## [Work task]
All that should come back is the lines of the data below from the one containing "14k White Gold" to the one containing "Направете моминското парти", inclusive, exactly as they stand.

## [Given data]
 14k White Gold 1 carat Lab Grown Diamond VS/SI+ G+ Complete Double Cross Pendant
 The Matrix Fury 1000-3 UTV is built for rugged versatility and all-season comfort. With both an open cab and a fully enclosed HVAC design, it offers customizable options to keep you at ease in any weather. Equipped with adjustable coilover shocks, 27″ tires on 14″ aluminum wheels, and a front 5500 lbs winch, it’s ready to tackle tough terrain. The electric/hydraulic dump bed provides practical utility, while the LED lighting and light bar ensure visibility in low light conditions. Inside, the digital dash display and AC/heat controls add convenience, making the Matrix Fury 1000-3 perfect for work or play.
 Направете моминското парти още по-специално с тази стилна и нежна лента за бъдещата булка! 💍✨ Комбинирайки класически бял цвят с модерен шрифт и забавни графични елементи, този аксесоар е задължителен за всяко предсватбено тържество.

* * *

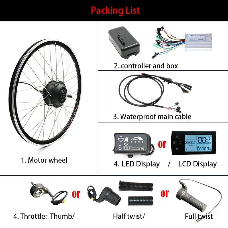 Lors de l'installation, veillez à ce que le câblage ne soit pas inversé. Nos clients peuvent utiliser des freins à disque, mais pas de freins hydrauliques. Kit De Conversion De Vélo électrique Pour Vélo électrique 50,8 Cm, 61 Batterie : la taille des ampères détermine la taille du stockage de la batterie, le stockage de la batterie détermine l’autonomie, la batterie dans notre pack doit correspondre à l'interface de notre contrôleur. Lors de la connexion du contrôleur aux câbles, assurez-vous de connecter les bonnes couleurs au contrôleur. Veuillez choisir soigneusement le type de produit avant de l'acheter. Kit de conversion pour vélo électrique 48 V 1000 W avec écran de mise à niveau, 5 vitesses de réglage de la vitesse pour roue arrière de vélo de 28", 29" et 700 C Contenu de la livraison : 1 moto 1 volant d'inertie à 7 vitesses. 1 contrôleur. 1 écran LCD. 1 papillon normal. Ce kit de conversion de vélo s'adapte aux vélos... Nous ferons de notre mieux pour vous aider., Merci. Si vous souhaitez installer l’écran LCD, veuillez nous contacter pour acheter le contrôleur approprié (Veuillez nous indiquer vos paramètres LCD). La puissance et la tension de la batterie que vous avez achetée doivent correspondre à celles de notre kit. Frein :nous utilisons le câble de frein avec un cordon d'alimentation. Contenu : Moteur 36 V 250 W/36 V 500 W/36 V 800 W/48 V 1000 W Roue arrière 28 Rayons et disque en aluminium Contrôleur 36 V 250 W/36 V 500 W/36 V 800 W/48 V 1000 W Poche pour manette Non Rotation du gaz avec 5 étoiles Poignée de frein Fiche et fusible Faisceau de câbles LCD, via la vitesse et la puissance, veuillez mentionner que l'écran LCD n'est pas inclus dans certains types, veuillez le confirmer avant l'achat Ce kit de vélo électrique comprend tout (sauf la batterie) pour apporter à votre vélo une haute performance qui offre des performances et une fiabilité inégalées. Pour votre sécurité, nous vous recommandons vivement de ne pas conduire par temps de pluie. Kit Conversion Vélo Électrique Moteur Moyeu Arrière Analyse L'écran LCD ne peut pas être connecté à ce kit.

## [Worked solution]
 14k White Gold 1 carat Lab Grown Diamond VS/SI+ G+ Complete Double Cross Pendant
 The Matrix Fury 1000-3 UTV is built for rugged versatility and all-season comfort. With both an open cab and a fully enclosed HVAC design, it offers customizable options to keep you at ease in any weather. Equipped with adjustable coilover shocks, 27″ tires on 14″ aluminum wheels, and a front 5500 lbs winch, it’s ready to tackle tough terrain. The electric/hydraulic dump bed provides practical utility, while the LED lighting and light bar ensure visibility in low light conditions. Inside, the digital dash display and AC/heat controls add convenience, making the Matrix Fury 1000-3 perfect for work or play.
 Направете моминското парти още по-специално с тази стилна и нежна лента за бъдещата булка! 💍✨ Комбинирайки класически бял цвят с модерен шрифт и забавни графични елементи, този аксесоар е задължителен за всяко предсватбено тържество.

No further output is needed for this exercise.